4.1 The sub-processors engaged by Bambuser on the effective date of the Agreement are set out in https://bambuser.com/docs/agreement-details/#sub-processors. Bambuser is responsible for ensuring that all Processing of Personal Data performed by a sub-processor is governed by a written agreement with the sub-processor that corresponds to the requirements of this DPA and applicable Data Protection Laws, including but not limited to Article 28 of the GDPR. Customer acknowledges that appointment of sub-processors (as well as appointment of new sub-processors from time to time), is necessary in order for Bambuser to perform its services under the Agreement. Bambuser may only make changes to the sub-processors listed in https://bambuser.com/docs/agreement-details/#sub-processors in accordance with the below. In the event Bambuser adds or replaces a sub- processor Bambuser will provide Customer with thirty (30) days prior written notice.

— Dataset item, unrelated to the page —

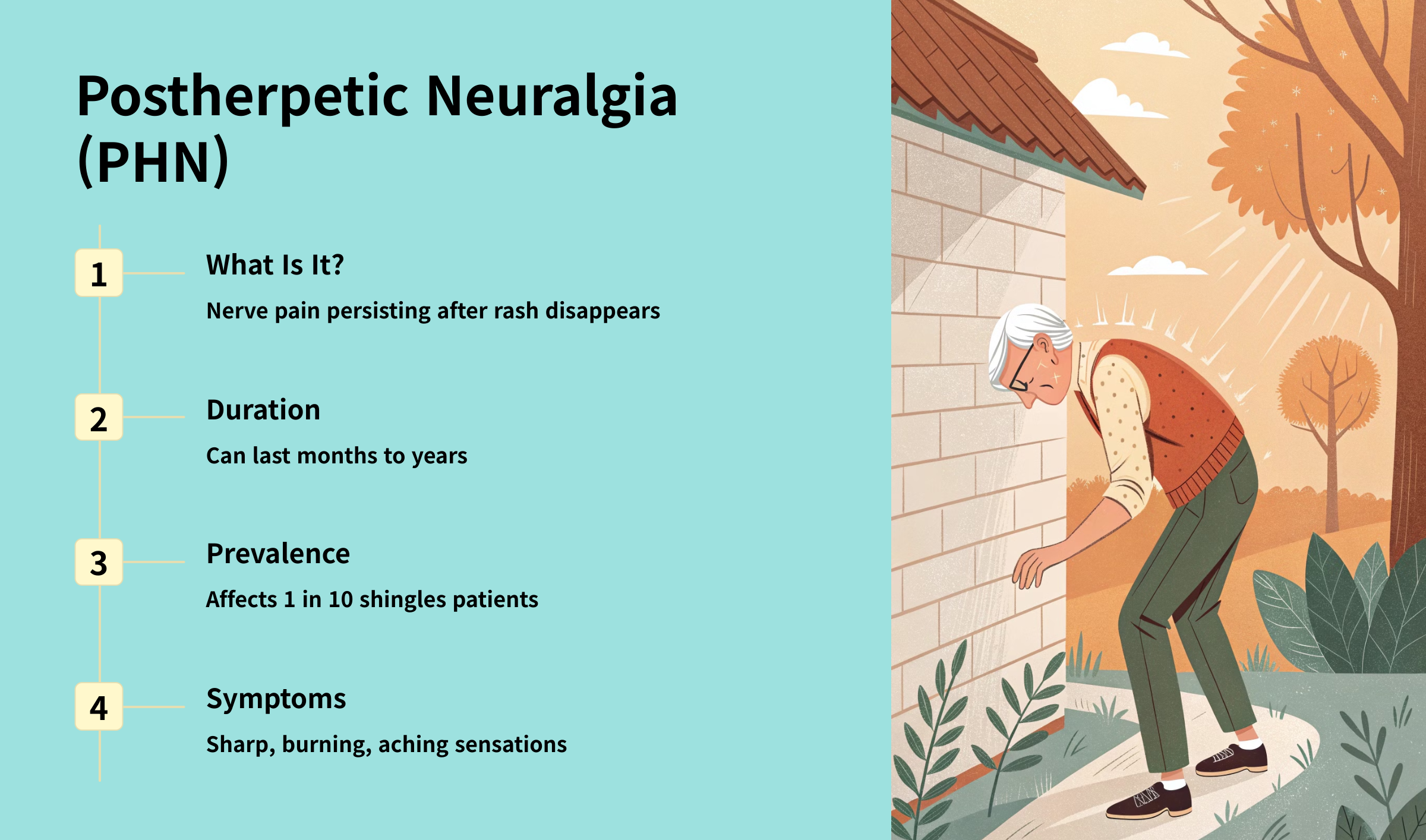 | Postherpetic Neuralgia | Long-term nerve pain after shingles resolves | Pain meds, therapy |

Customer shall have the right to object to the use of a specific sub-processor by written notice to Bambuser, without undue delay from the time Customer was notified of the use of that sub-processor. Such an objection shall be made in good faith and based on justifiable grounds. The Parties will in good faith discuss possible activities to mitigate the risks raised by such an objection. Customer acknowledges and accepts that its objection to a sub-processor may adversely affect Bambuser's ability to perform the services under the Agreement, therefore Bambuser shall be entitled to use such sub-processor despite Customer's objection as removal of such sub-processor would affect all Bambuser's customers. In the event the Parties are not able to reach an agreement in relation to such a sub-processor, Customer may terminate the Agreement with immediate effect and receive a refund of any prepaid, pro rata, fees for the remaining period of the agreement that Customer will not use the services.

5. DATA BREACH

5.1 In the event of a Personal Data Breach, Bambuser shall without undue delay submit a written notice to Customer including the following information;

  • a) a description of the nature of the Personal Data Breach including, the categories and approximate number of Data Subjects concerned, and the categories and approximate number of data records concerned;

  • b) name and contact details of the person responsible for Bambuser's data protection matters;

  • c) a description of likely consequences and/or realized consequences of the Personal Data Breach; and

  • d) a description of actions taken by Bambuser (and/or its sub-processors) to assess and address the Personal Data Breach; to mitigate its possible adverse effects; or to prevent the reoccurrence of the Personal Data Breach.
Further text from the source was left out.